Heparanase, Tissue Factor, and Cancer

Abstract

Heparanase is an endo-beta- D-glucuronidase that is capable of cleaving heparan sulfate side chains of heparan sulfate proteoglycans on cell surfaces and the extracellular matrix, activity that is strongly implicated in tumor metastasis and angiogenesis. Evidence was provided that heparanase overexpression in human leukemia, glioma, and breast carcinoma cells results in a marked increase in tissue factor (TF) levels. Likewise, TF was induced by exogenous addition of recombinant heparanase to tumor cells and primary endothelial cells, induction that was mediated by p38 phosphorylation and correlated with enhanced procoagulant activity. TF induction was further confirmed in heparanase-overexpressing transgenic mice and correlated with heparanase expression levels in leukemia patients. Heparanase was also found to be involved in the regulation of tissue factor pathway inhibitor (TFPI). It was shown that heparanase overexpression or exogenous addition induces two- to threefold increase of TFPI expression.
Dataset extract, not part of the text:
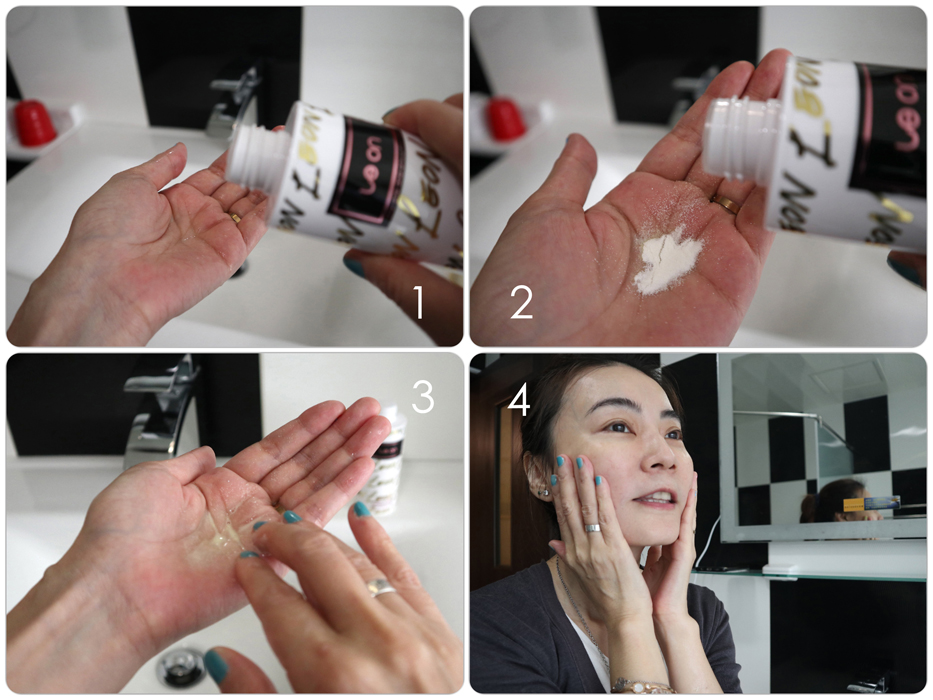 2. 取適量潔顏粉(約0.5~1g,相當於一元硬幣大小)

Similarly, heparanase stimulated accumulation of TFPI in the cell culture medium. Extracellular accumulation exceeded, however, the observed increase in TFPI at the protein level and appeared to be independent of heparan sulfate and heparanase enzymatic activity. Instead, a physical interaction between heparanase and TFPI was demonstrated, suggesting a mechanism by which secreted heparanase interacts with TFPI on the cell surface, leading to dissociation of TFPI from the cell membrane and increased coagulation activity, thus further supporting the local prothrombotic function of heparanase. As heparins are strong inhibitors of heparanase, in view of the effect of heparanase on TF/TFPI pathway, the role of heparins' anticoagulant activity may potentially be expanded.